Find median values of religious
across different races
in couples_data
and apply the the Kruskal-Wallis test to
see of the difference is statistically significant. Explain your
findings.
## ANSWER
couples_data %>%
filter(religious %in% 1:5) %>%
group_by(race) %>%
summarise(num_obs = n(),
married = mean(married == "yes"),
med = median(religious)) %>%
mutate(label = recode_religious_frq(med))
## Here is the test
couples_data %>%
filter(religious %in% 1:5) %>%
kruskal.test(religious ~ race, . )
##
## Kruskal-Wallis rank sum test
##
## data: religious by race
## Kruskal-Wallis chi-squared = 11.542, df = 4, p-value = 0.02111
There is a noticeable difference that can, nevertheless, be explained by pure chance or by a biased sample. But yeah, different races, may, indeed, have different median levels of religiousness.

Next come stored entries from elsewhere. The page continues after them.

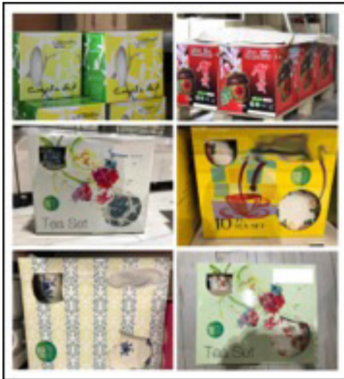
Figure 3 – Personalised packaging for festive seasons

Furthermore, the material for packaging is one of the significant attributes. The participants pointed out that the local consumers are not particularly concerned about the 100% local made, therefore, the corporation focuses on the cost of materials and its quality to enhance consumers' intention to purchase. The sustainability of packaging material has always been a consideration in the manufacturing process. Previously, the participants used plastics for the packaging and now they have changed by using recycled paper for the packaging. The participants are concerned about environmental issues and preferring non-toxic materials and processes, as well as maintaining profit. Moreover, the corporation is directing on sustainable business, minimal impact on environment and expanding the business into a global market, not only in Asia. In this sense, the manufacturers and designers use sustainable packaging material to attract consumers using the value of environmental responsibility and thus attracting to purchase the product.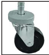
Optional Casters Available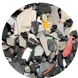
WEEE: Chlorine or brominated plastic removal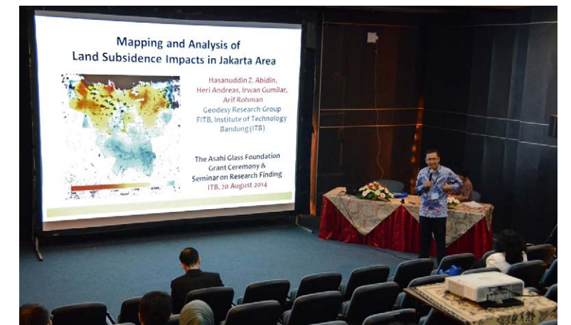
Presentation of research results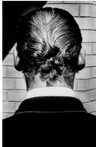
10_Ralph Gibson, from the series Quadrants , 1975–1988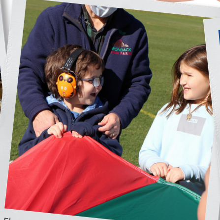
Elementary students with and without disabilities had fun together in the Special Olympics' Young Athletes sports program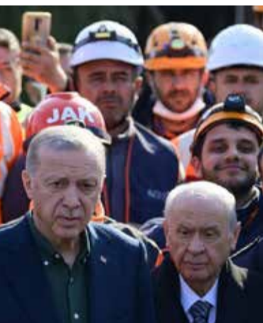
Rescue workers with rescue workers as he visits the site (file photo)

There were shortcomings, disruptions and delays but we... rushed to help earthquake survivors with all our might. We are not hiding behind excuses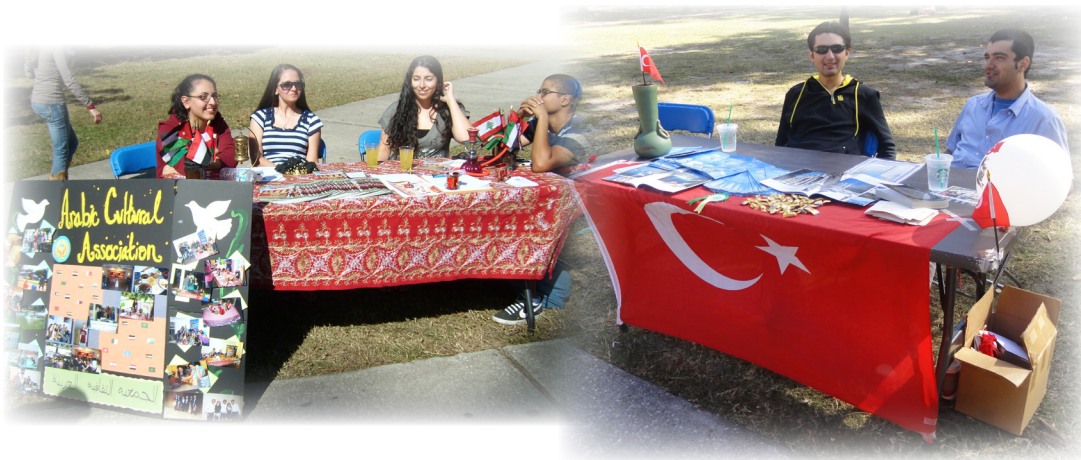
Volunteer for International Student Affairs Tabling at Plaza of the Americas

Enjoy the gallery of photos documenting the events that took place during International Education Week 2011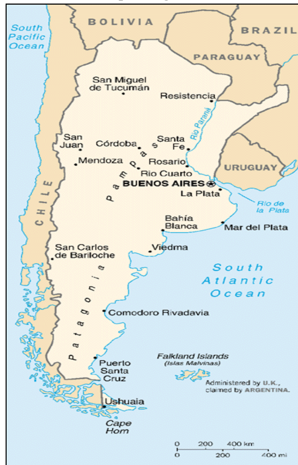
Map 1: Argentina

This paper analyses the origins of the 2004 energy crisis, examines the effects on the national gas industry and evaluates the government's solutions to prevent further shortage and restore the attractiveness of the gas industry for foreign and domestic investors. The impacts of the Argentine crisis on surrounding countries and on the regional energy integration are considered in a final appendix.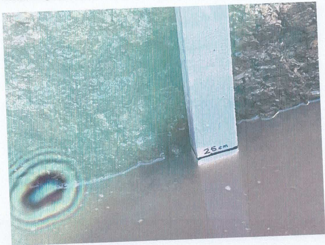
Finish timing @ 25cm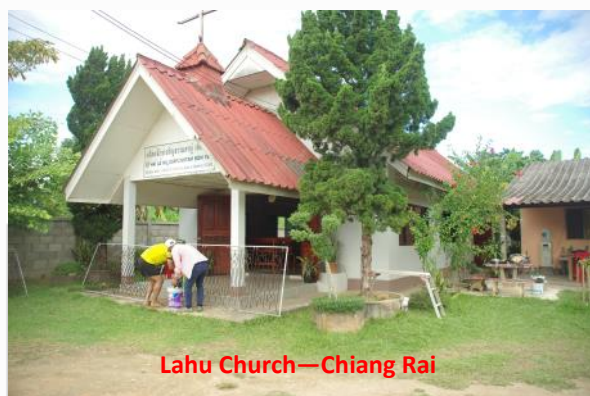
Lahu Church—Chiang Rai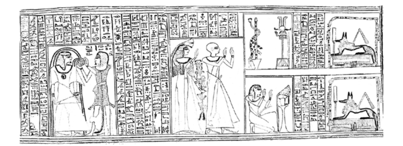
(Fig. 2) Spells 195V - 138V - 185V.

The second spell is BD 185, formerly dedicated to Osiris, but here it is Anubis the center of attention. The deceased is kneeled in front of an offering table adoring two images of Anubis in the form of jackals with sekhem scepters and flails, lying within two pavilions over pylons. The introductory label is over the vignette of the previous spell instead of the former, and indicates the adoration of the ka of Osiris in order to receive offerings. In front of the pavilions, the texts worship Anubis who grants everlastingness, not dying again and free movement after vindication.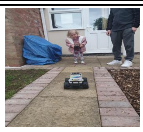
The remote control traffic has increased in lockdown!

Recall that the t-test has certain assumptions that make not applicable in certain cases. But the U-test can be applied all the time. Let us conduct a numeric experiment - generate random data, apply both tests and see which of the two gives a smaller \(p\)-value.
For \(n=10,11,\dots,50\), generate a sample of \(n\) normal variables with \(\mu=0.5\) and \(\sigma^2=1\). Apply the t-test and the U-test to the sample, and plot the \(p\)-value vs \(n\) coloured by the test with log-scale. Which of the two tests yields smaller \(p\)-values?
## Answer
set.seed(42)
two_tests <- function(n) {
random_x <- rnorm(n, mean = 0.5)
df_u <- wilcox.test(random_x) %>% tidy() %>%
select(p.value) %>%
mutate(n = n, test = "t")
df_t <- t.test(random_x) %>% tidy() %>%
select(p.value) %>%
mutate(n = n, test = "u")
df_u %>%
bind_rows(df_t)
}
df_experiment <- 10:50 %>% map_df(two_tests)
df_experiment %>%
ggplot(aes(x = n, y = p.value, colour = test)) +
geom_line() + scale_y_log10()
Apparently, the \(p\)-values are almost the same.